Wagons Learning has withdrawn its initial public offering, which was scheduled to close on May 6, with the company and the merchant banker Khandwala Securities attributing the development to “prevailing market conditions”.
“Basis the communications received from the merchant banker (Khandwala Securities) and the company (Wagons Learning Ltd) vide their letters dated May 5, 2025, it is hereby notified that the company in consultation with the merchant banker has decided to withdraw the issue due to prevailing market conditions,” said a statement issued by BSE.
Incidentally, this is the first SME IPO to be withdrawn after Trafiksol ITS Technologies whose public issue was launched in September last year. In an order issued in December, the Securities and Exchange Board of India (SEBI) directed Trafiksol ITS Technologies to refund the money to all the IPO investors.
Pune-based Wagons Learning – promoted by Uday Jagannath Shetty and Raviraj Poojary -- was aiming to raise a little over Rs 38 crore by offering shares in a price band of Rs 78 to Rs 82 per share. The offering included an offer for sale portion of 16 lakh shares and a fresh issue of 30.8 lakh shares.
In terms of the objects of the issue, the company was planning to utilise around Rs 7.5 crore for meeting the working capital requirements with Rs 4.5 crore allocated towards prepayment or repayment of all or a portion of certain outstanding borrowings.
As per the draft document of the company, it was formed in 2013, and is engaged in providing corporate training, digital learning and skill development solutions. “We function on a B2B model wherein we provide Training and Certifications, Digital Learning solutions, skill development solutions, trainer outsourcing and payroll management solutions to our clients,” stated the IPO document.
For the year ended March 31, 2024, the company reported a profit after tax (PAT) of Rs 5.6 crore with the net profit pegged at Rs 5.54 crore for the period ended December 31, 2024.
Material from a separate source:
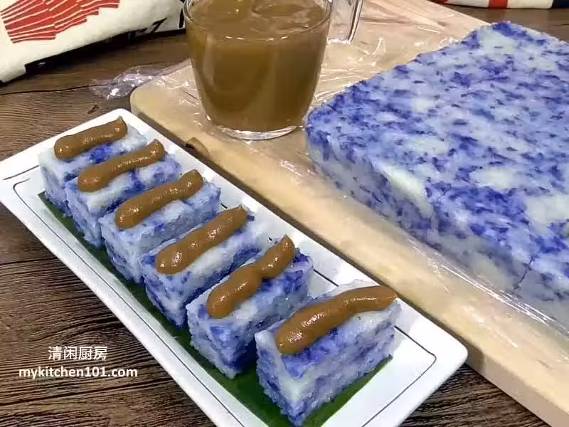 1 把木薯澱粉加入刨木薯絲拌勻。加入鹽和糖,拌至糖溶化。加入蛋,拌至完全混合。慢慢的把濃椰漿加入,拌至完全混合。

In terms of the risk factors listed in the IPO document, the company, among other things, stated the following: instances of delays in filing returns as required by the Goods & Service Act and The Employees’ Provident Funds and Miscellaneous Provisions Act; conflict of interest may arise out of common business objects with group companies; not obtained any intellectual right for its online courses, software’s, training modules and other training material.